How to do correct timing of Android RenderScript code on Nvidia Shield

Question

I have implemented a small CNN in RenderScript and want to profile the performance on different hardware. On my Nexus 7 the times make sense, but on the NVIDIA Shield they do not.

The CNN (LeNet) is implemented in 9 layers residing in a queue, computation is performed in sequence. Each layer is timed individually.

Here is an example:

       conv1  pool1 conv2  pool2 resh1 ip1    relu1  ip2    softmax
nexus7 11.177 7.813 13.357 8.367 8.097 2.1    0.326  1.557  2.667
shield 13.219 1.024 1.567  1.081 0.988 14.588 13.323 14.318 40.347

The distribution of the times are about right for the nexus, with conv1 and conv2 (convolution layers) taking most of the time. But on the shield, the times drop way beyond what's reasonable for layers 2-4 and seem to gather up towards the end. The softmax layer is a relatively small job, so 40ms is way too large. My timing method must be faulty, or something else is going on.

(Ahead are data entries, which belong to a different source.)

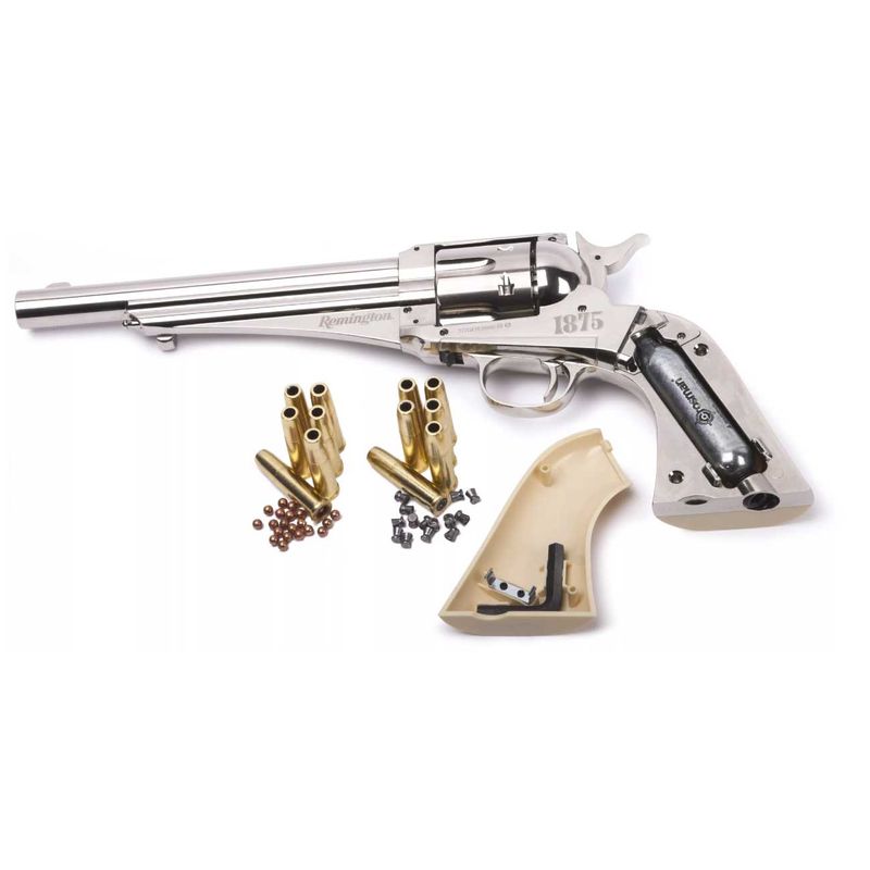 O Remington 1875 CO2 Revolver é uma réplica de arma de pressão CO2, calibre 4,5mm.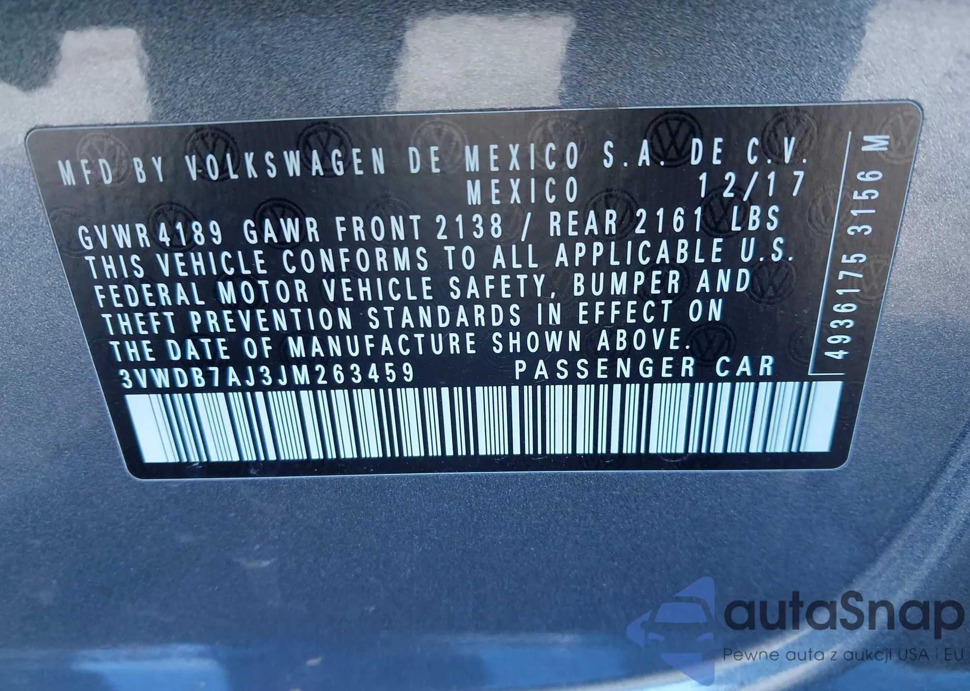 • VIN 3VWDB7AJ3JM263459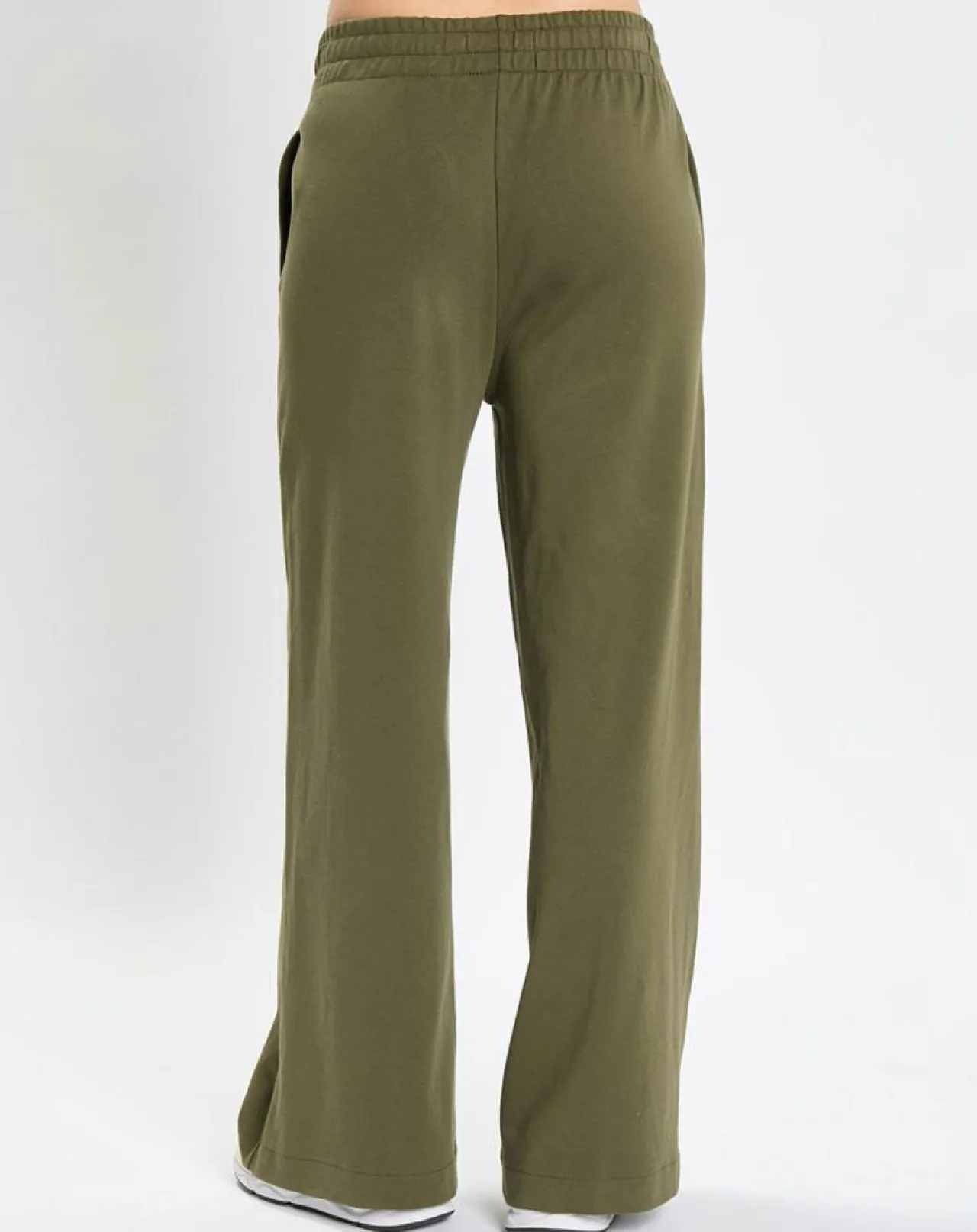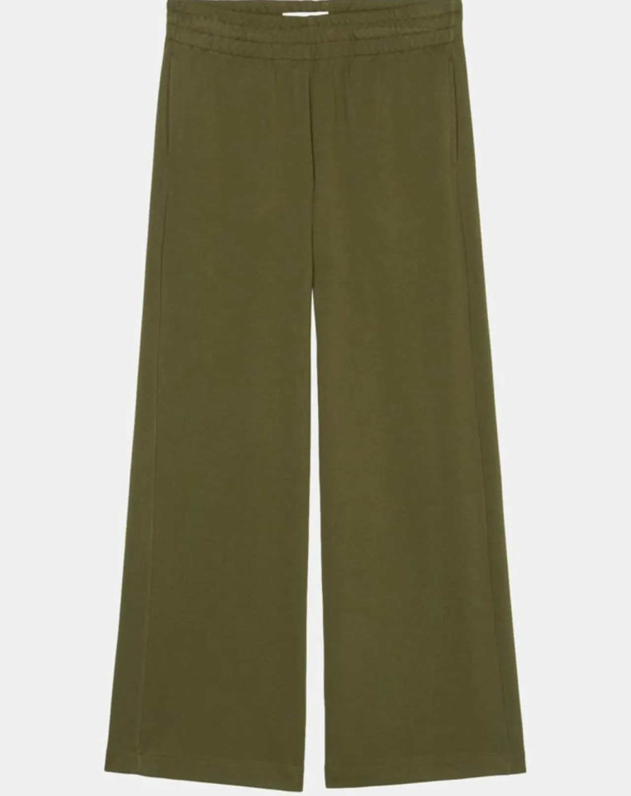 Ce pantalon présente une ceinture élastique confortable, des coutures latérales décalées vers l’avant et deux poches fendues pratiques, prises dans les coutures sur les côtés.

The code running the layers looks something like this:

double[] times = new double[layers.size()];
int layerindex = 0;
for (Layer a : layers) {

    double t = SystemClock.elapsedRealtime(); 
    //long t = System.currentTimeMillis(); // makes no difference

    blob = a.forward(blob); // here we call renderscript forEach_(), invoke_() etc

    //mRS.finish(); // makes no difference

    t = SystemClock.elapsedRealtime() - t; 
    //t = System.currentTimeMillis() - t; // makes no difference

    times[layerindex] += t; // later we take average etc

    layerindex++;
}

It is my understanding that once forEach_() returns, the job is supposed to be finished. In any case, mRS.finish() should provide a final barrier. But looking at the times, the only reasonable explanation is that jobs are still processed in the background.

The app is very simple, I just run the test from MainActivity and print to logcat. Android Studio builds the app as a release and runs it on the device which is connected by USB.

(1) What is the correct way to time RenderScript processes? (2) Is it true that when forEach_() returns, the threads spawned by the script are guaranteed to be done? (3) In my test app, I simply run directly from the MainActivity. Is this a problem (other than blocking the UI thread and making the app unresponsive)? If this influences the timing or causes the weirdness, what is a proper way to set up a test app like this?

Answer 1

I've implemented CNNs in RenderScript myself, and as you explain, it does require chaining multiple processes and calling forEach_*() various times for each layer if you implement them each as a different kernel. As such, I can assure you that the forEach call returning does not really guarantee that the process has completed. In theory, this will only schedule the kernel and all queued up requests will actually run whenever the system determines it's best to, especially if they get processed in the tablet's GPU.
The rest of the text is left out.